Рыжий гармонист, откинув голову и закатив глаза, высоким, чистым голосом, пронзительным, бередящим душу, выводил:
Но-очка те-емна-а-я…
Сутулый детина, заливаясь пьяными слезами, стоял рядом и помогал гармонисту, дирижируя пивной бутылкой — длинной, темного стекла. Голубая жилетка виднелась у детины из-под пиджака с закругленными полами; по одежде судить — богатейчик, не здешнего поля ягода. Взмахнув бутылкой, гудящим басом подхватил:
И так эти два голоса сливались, так ладно дополняли друг друга, то взмывая к прокопченному потолку, то опускаясь, наполняя трактир, перекрывая звон копеечных граненых стопок, стук тарелок, гул нетрезвых разговоров; так они метались в тесноте, что хотелось раздвинуть стены, скинуть крышу и пустить песню на волю. И остановится, задумается над своим бытием всяк сущий человек, подобреет, поумнеет, сделает что-нибудь хорошее. Но Афанасьев знал, что песней мир не переделаешь…
Выбрав свободное местечко подальше от глаз трактирщика, в углу за фикусом, Федор заказал графинчик, чаю, ситного и вареной требухи. Наполнив стопку, пить не стал, а принялся за чай.
Это у него давно отработано, еще с Москвы. На фабрике, известное дело, не поговоришь. Во-первых, недосуг, а во-вторых, не очень-то станут разговаривать с незнакомцем, хотя бы и рабочего обличья. А трактир — разлюбезное дело, здесь языки развязаны. Сразу видно, кто чего стоит; кто пьет горькую, заливая последние остатки человеческого достоинства, а кто просто тянется на огонек — послушать, что люди говорят, отвести душу неторопливой беседой.
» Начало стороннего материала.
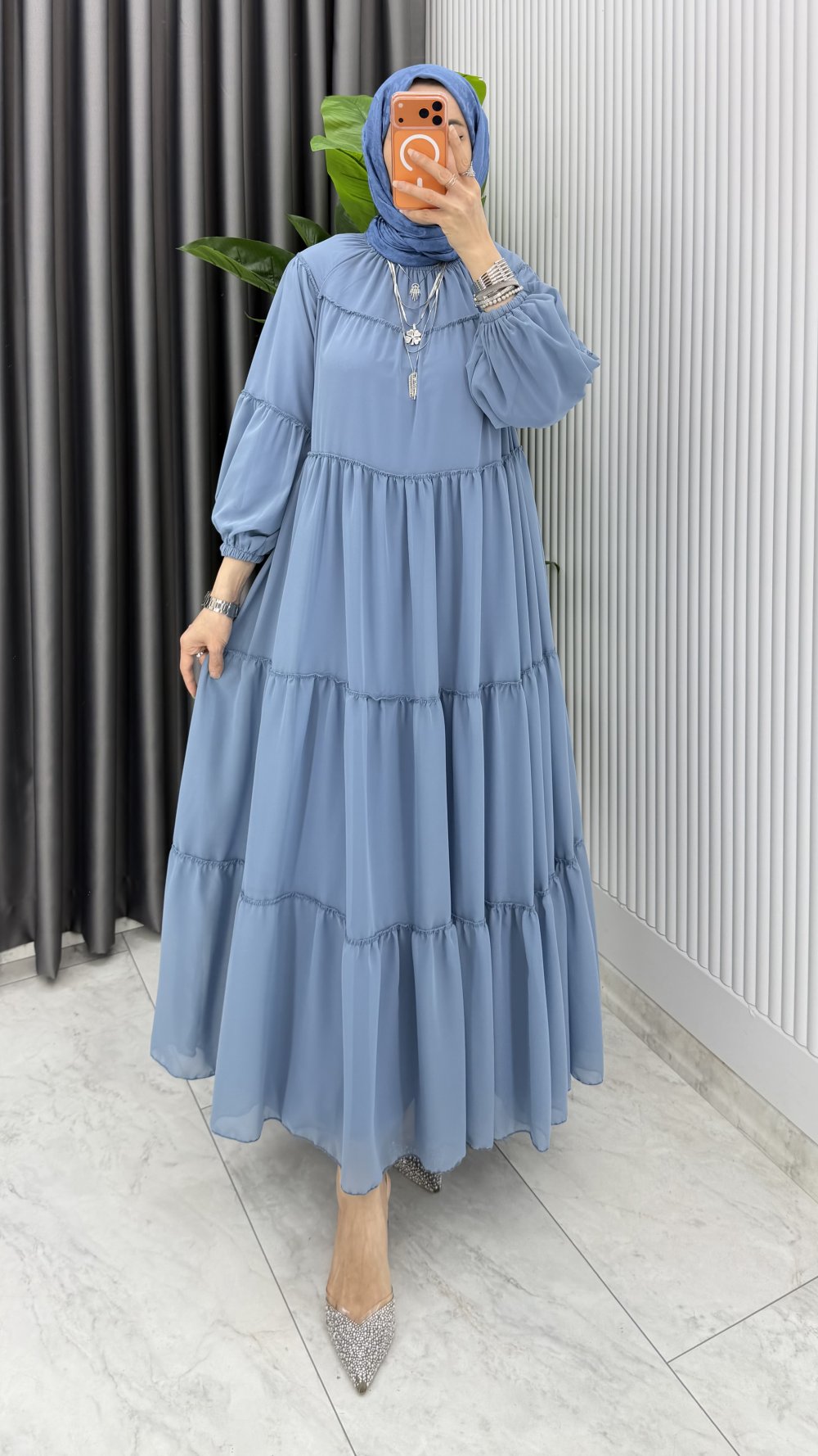 Mavi Güzide Elbise Tesettür Giyim Mavi

И еще один прием: никогда Афанасьев не садился за стол, где уже занято два места. Лучше повременить, сделать вид, что ждешь кого-то, а то можно напороться на таких, которым между собой желательно потолковать, без постороннего уха. Таким и помешать недолго, насторожатся, уйдут в свою скорлупу — не выманишь на разговор. Нет уж, лучше за пустой столик, открыто: вот он я, подходи, кому скучно, завязывай знакомство…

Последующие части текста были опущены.